Exercise: Print the listing below only from the line that has "This canvas art" through the line that has "The mixture ratio feedback", exactly, and drop any picture.

Records provided:
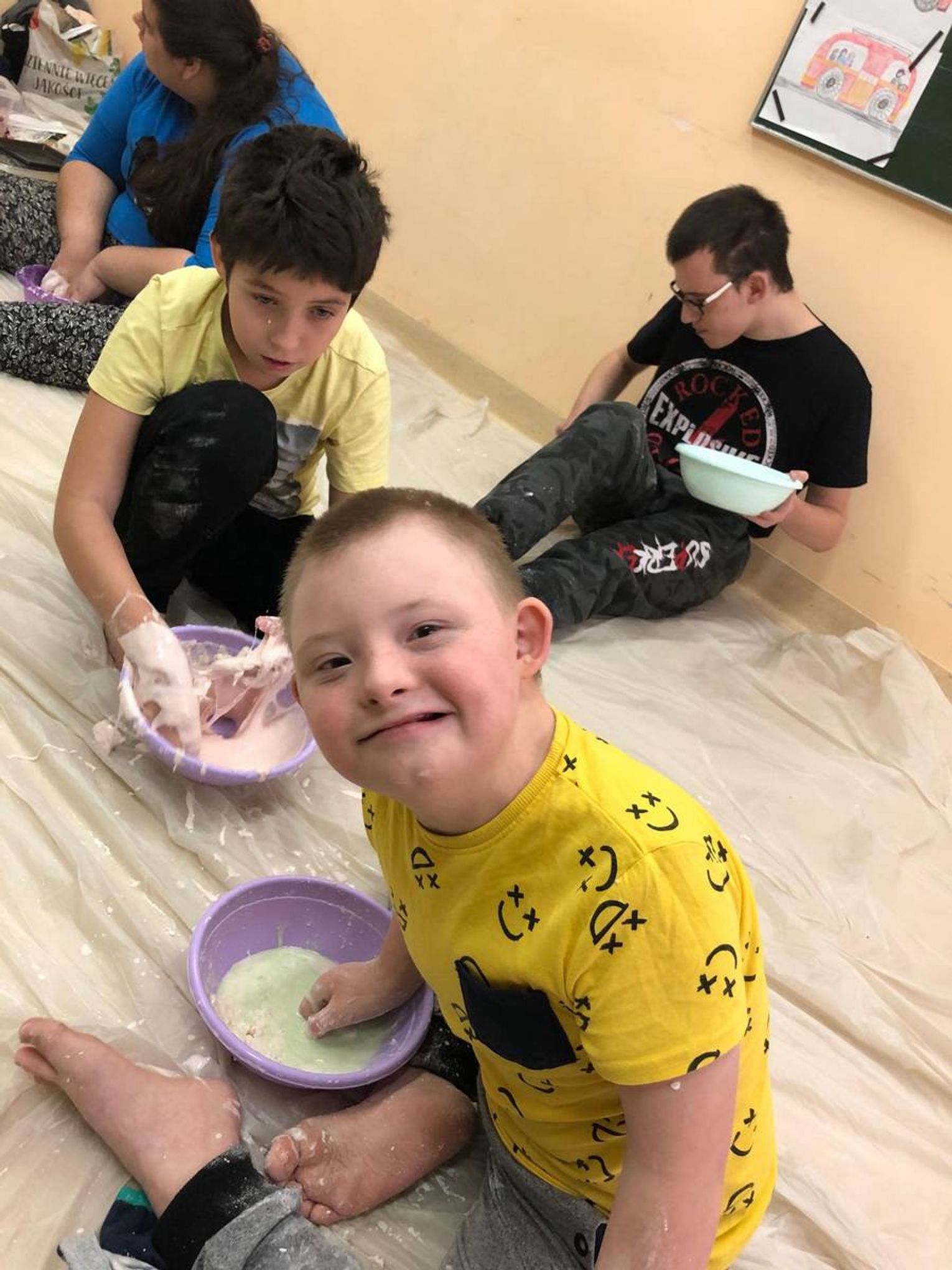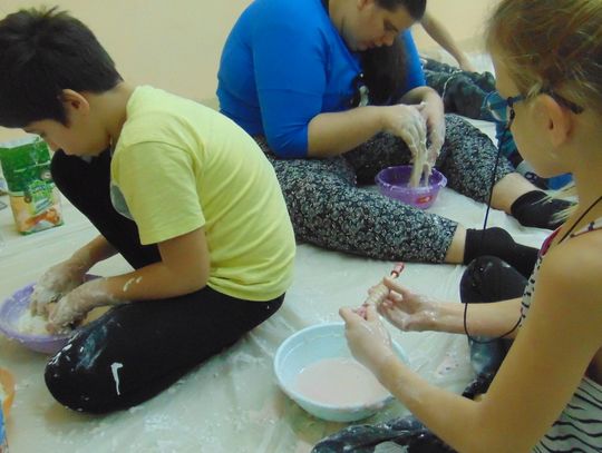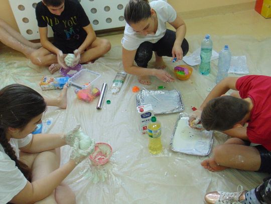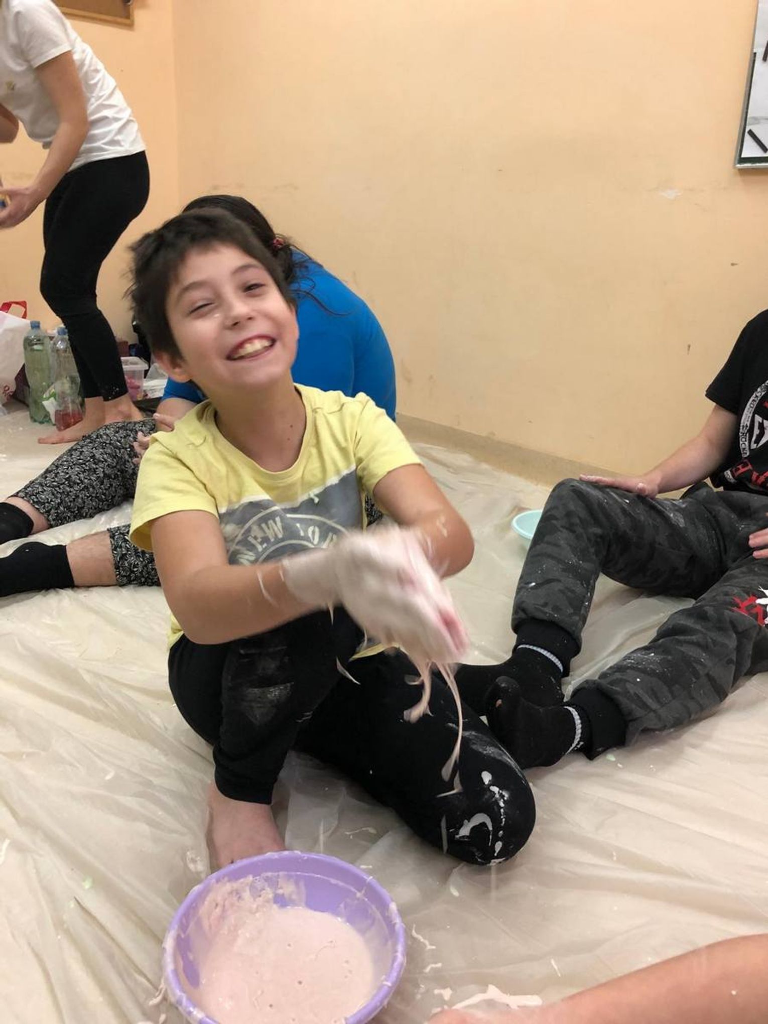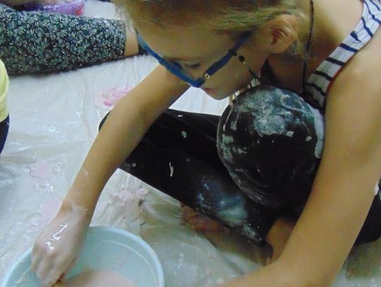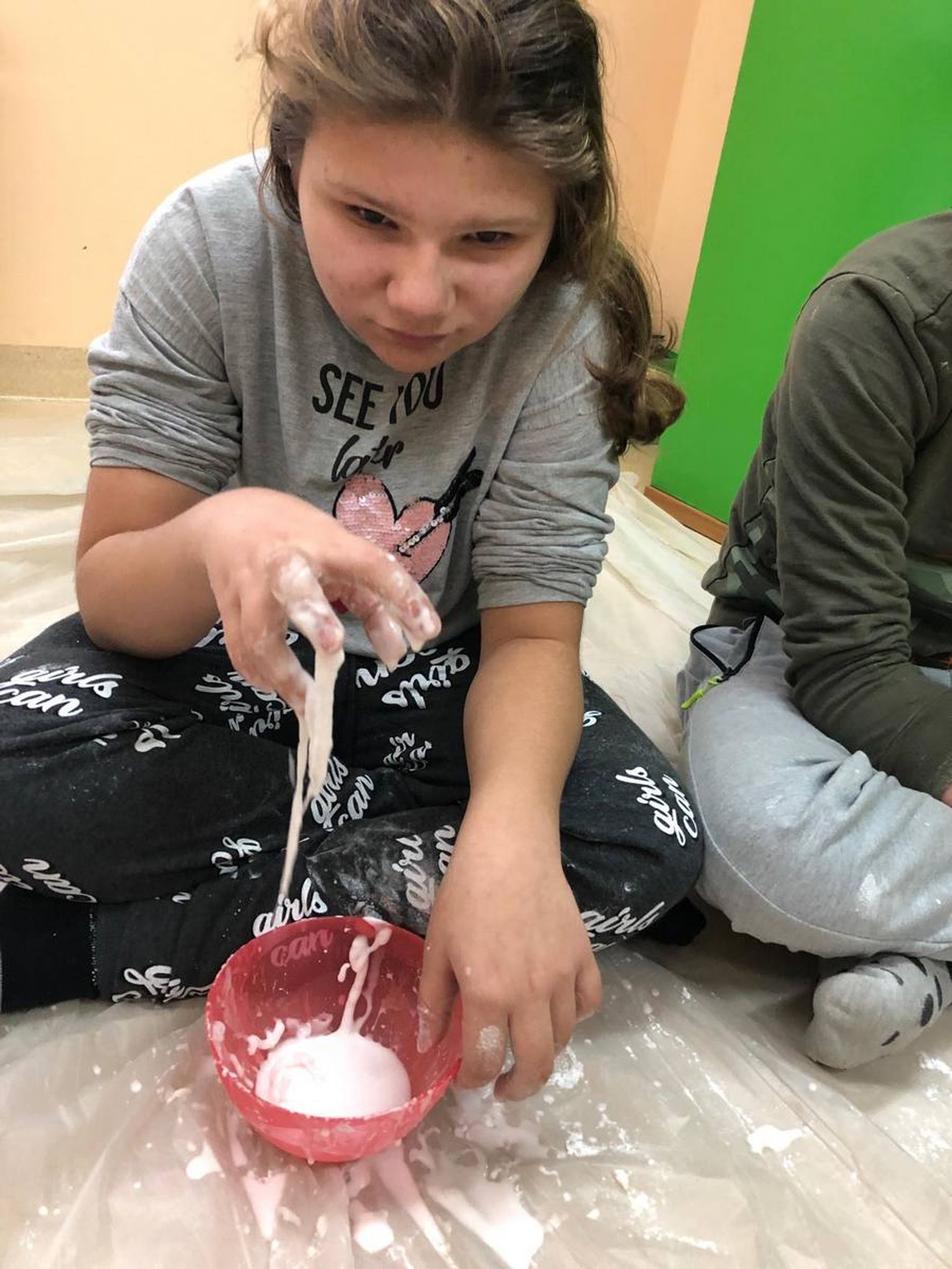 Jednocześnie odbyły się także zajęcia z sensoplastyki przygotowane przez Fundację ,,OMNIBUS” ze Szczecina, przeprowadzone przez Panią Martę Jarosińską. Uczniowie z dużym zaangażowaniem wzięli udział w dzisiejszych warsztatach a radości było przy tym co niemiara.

...

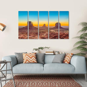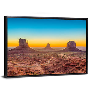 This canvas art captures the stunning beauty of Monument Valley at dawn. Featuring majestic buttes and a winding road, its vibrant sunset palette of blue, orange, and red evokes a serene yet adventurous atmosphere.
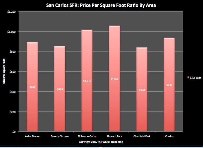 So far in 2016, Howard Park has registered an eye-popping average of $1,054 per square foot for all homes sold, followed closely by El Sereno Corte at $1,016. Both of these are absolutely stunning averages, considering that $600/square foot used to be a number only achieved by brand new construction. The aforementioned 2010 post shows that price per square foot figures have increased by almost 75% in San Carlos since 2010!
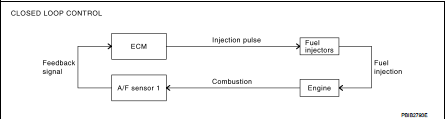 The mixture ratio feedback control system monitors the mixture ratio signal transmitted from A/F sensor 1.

...

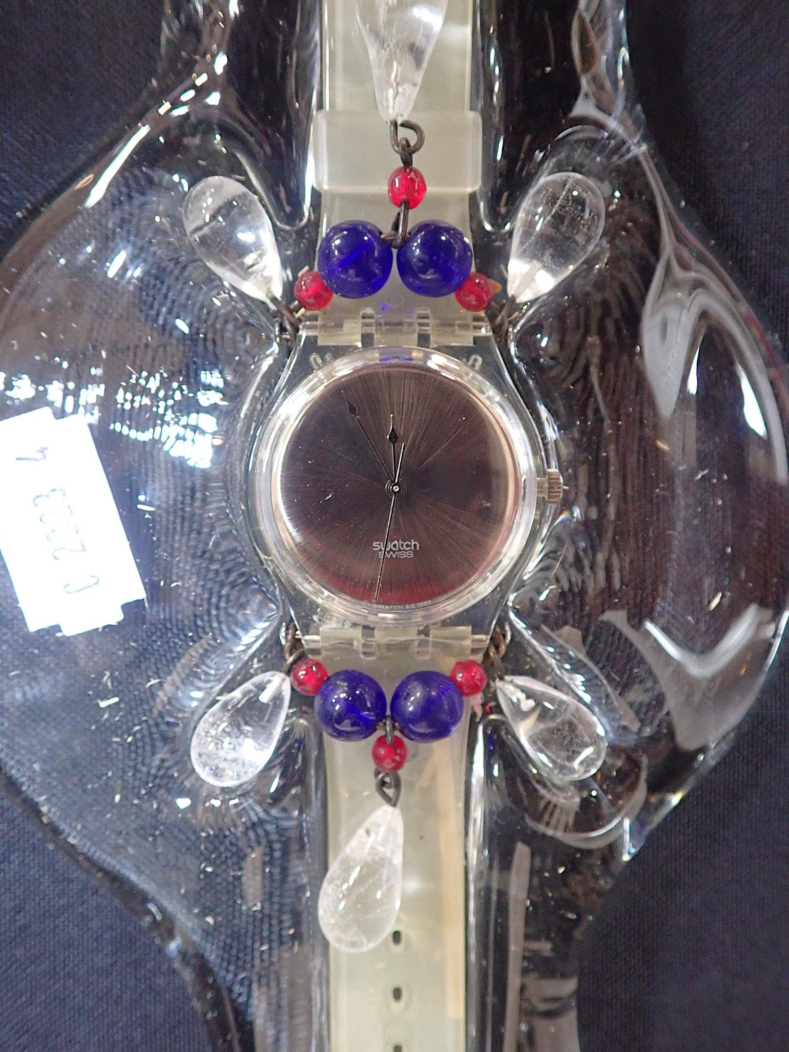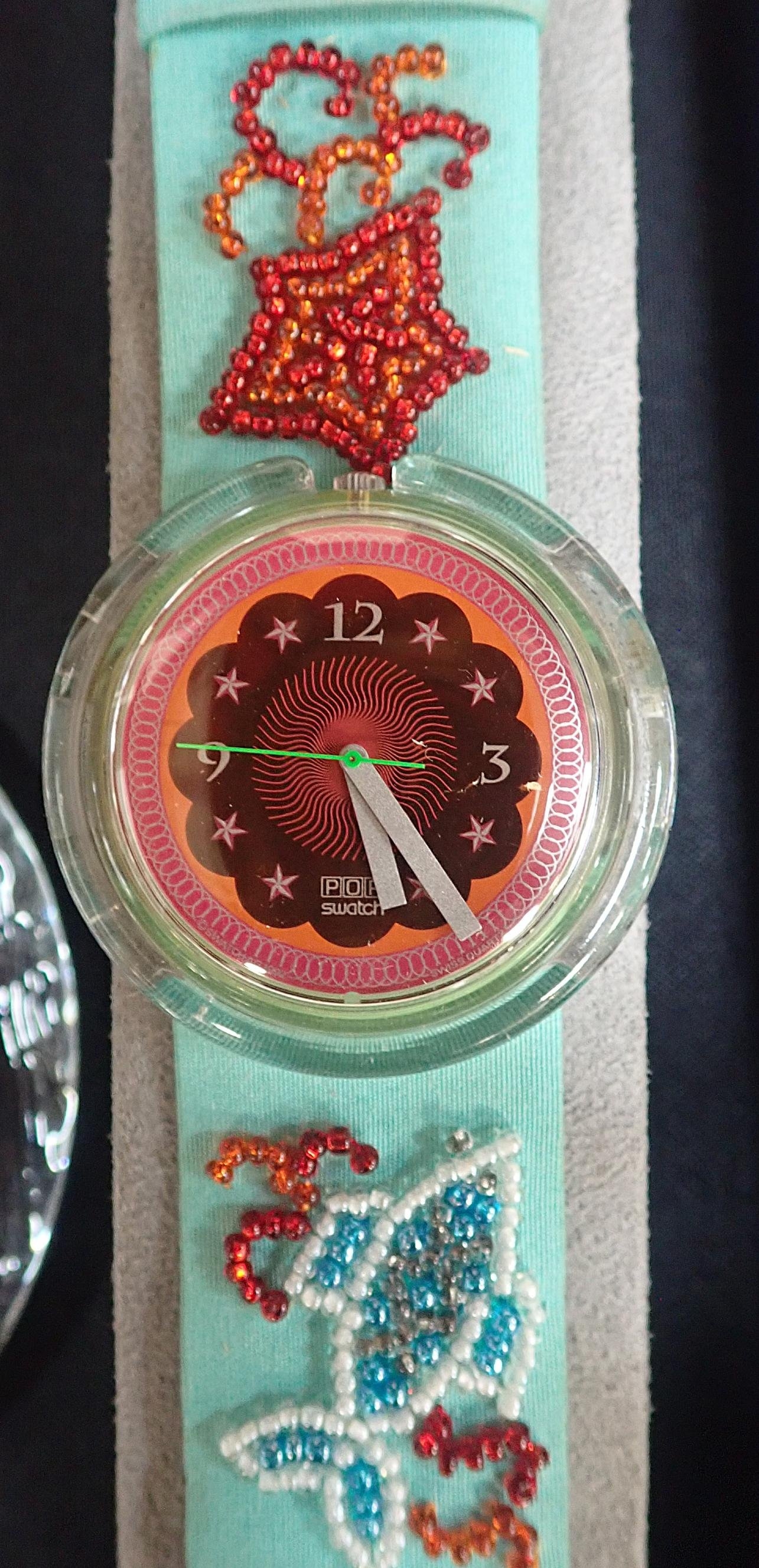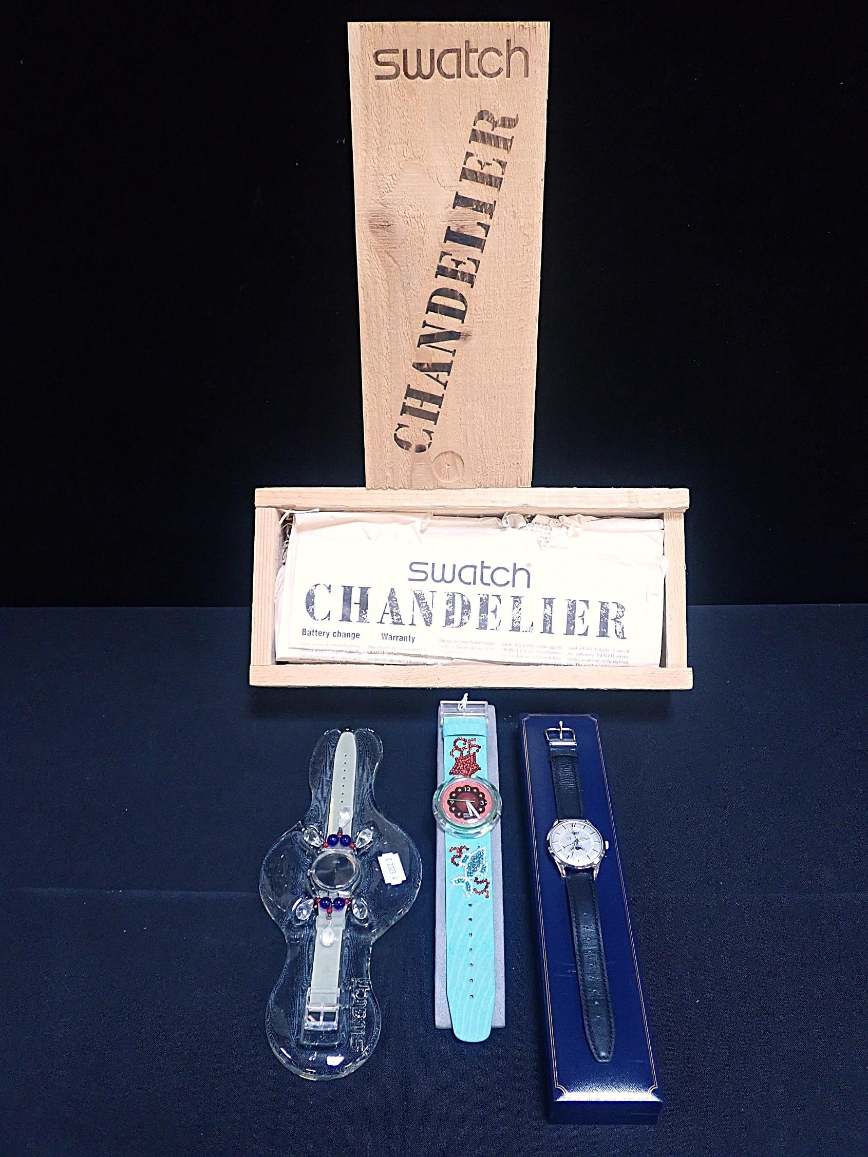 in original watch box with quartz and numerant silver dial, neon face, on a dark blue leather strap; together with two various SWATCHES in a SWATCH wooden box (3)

Your response:
 This canvas art captures the stunning beauty of Monument Valley at dawn. Featuring majestic buttes and a winding road, its vibrant sunset palette of blue, orange, and red evokes a serene yet adventurous atmosphere.
 So far in 2016, Howard Park has registered an eye-popping average of $1,054 per square foot for all homes sold, followed closely by El Sereno Corte at $1,016. Both of these are absolutely stunning averages, considering that $600/square foot used to be a number only achieved by brand new construction. The aforementioned 2010 post shows that price per square foot figures have increased by almost 75% in San Carlos since 2010!
 The mixture ratio feedback control system monitors the mixture ratio signal transmitted from A/F sensor 1.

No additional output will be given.